Guest contributor
Htet Shein Lynn
By December 2024, the Arakan Army (AA) had secured control over 14 of Arakan (Rakhine) State’s 17 townships, except for the island of Manaung, the state capital Sittwe, and the vital port town of Kyaukphyu.
Despite declaring a ceasefire on Dec. 29, the AA expanded military operations into Magway, Bago, and Ayeyarwady regions.
In January, the AA captured two military camps in the Rakhine Yoma, provoking artillery fire from the regime’s battalion in Ngathaingchaung town of Ayeyarwady Region.
Concurrently, the AA seized Magyizin village, while the National Unity Government (NUG) established the Ayeyarwady People’s Defense Force (PDF) in December.
Analyzing the extension of conflict from Rakhine to Ayeyarwady necessitates tracking the AA’s expanded military operations, which aim to weaken military defenses and disrupt the Directorate of Defence Industries (DDI) factories, which produce weapons and equipment, in Bago and Magway regions.
Following the seizure of Gwa Township in southern Rakhine, the AA declared readiness for political dialogue while maintaining its military offensives.
Its advances follow three primary routes: Gwa-Ngathaingchaung towards Ayeyarwady Region, Ann-Padan towards Magway Region, and Taungup towards Bago Region.
Although Ayeyarwady lacks DDI factories, Magway hosts 15, and Bago has 7. With intensifying operations along these routes, DDI-14 on the Ann-Padan Road in Ngape Township is now highly vulnerable. At least eight AA-trained resistance groups are engaged in ongoing combat in the Rakhine Yoma.
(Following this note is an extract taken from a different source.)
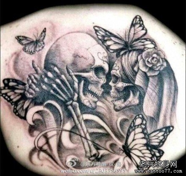 时尚很帅的一张骷髅夫妻纹身图案

Having received training from the AA since mid-2021, these forces gained combat experience in Rakhine and Paletwa, in southern Chin State, and are now pushing beyond Rakhine into central Myanmar, further undermining junta control.
In early January, the AA captured two regime checkpoints, Daung Chaung and Beda, in Ayeyarwady Region, along with Magyizin and Bawmi villages.
Media reports indicate PDF involvement in these battles. South of Magyizin, the junta reinforced Wetthay village, previously a significant site for military exercises in 2018.
However, the AA bypassed Wetthay and attacked a police outpost near Thabaung Town. Consequently, the AA and the PDF forces are now advancing from two strategic directions—along the Gwa-Ngathaingchaung road and Thabaung, positioned between the Rakhine Yoma and the western bank of the Ngawan River.
Following the offensive on Bawmi village in December, the junta appointed Brigadier General Soe Kyaw Htet as the commander of the Southwestern Regional Command (RMC) headquarters in Pathein, the Ayeyarwady Region capital.
Troops retreating from the Daung Chaung and Beda checkpoints regrouped at Ngathaingchaung battalion AB-344 for defensive purposes, with an airfield under construction to facilitate fighter jet deployment. After remaining inactive for over four years,
The AB-344 recently resumed artillery support in response to engagements at Daung Chaung and Beda and is now reinforcing the Yaenantthar checkpoint.
Additionally, Light Infantry Battalion (LIB) 36 in Kyonpyaw has initiated training for 200 military conscripts, while the junta has obstructed the Gwa-Ngathaingchaung road to restrict AA movements.
To safeguard the vulnerable DDI-14, the junta has deployed additional forces along the Ann-Padan road. Major Kyaw Naing Oo, formerly commanding the Taung Kham battle in Shan State, has been promoted to lead the 905 Artillery Battalion in Ngape.
Defensive fortifications, including barbed wire and overhead trenches, have been reinforced across all DDI factories.
Future trajectories
Although the PDF was formed in December, various other forces operating in the Arakan Yoma have functioned as guerrilla units since the 2021 military coup.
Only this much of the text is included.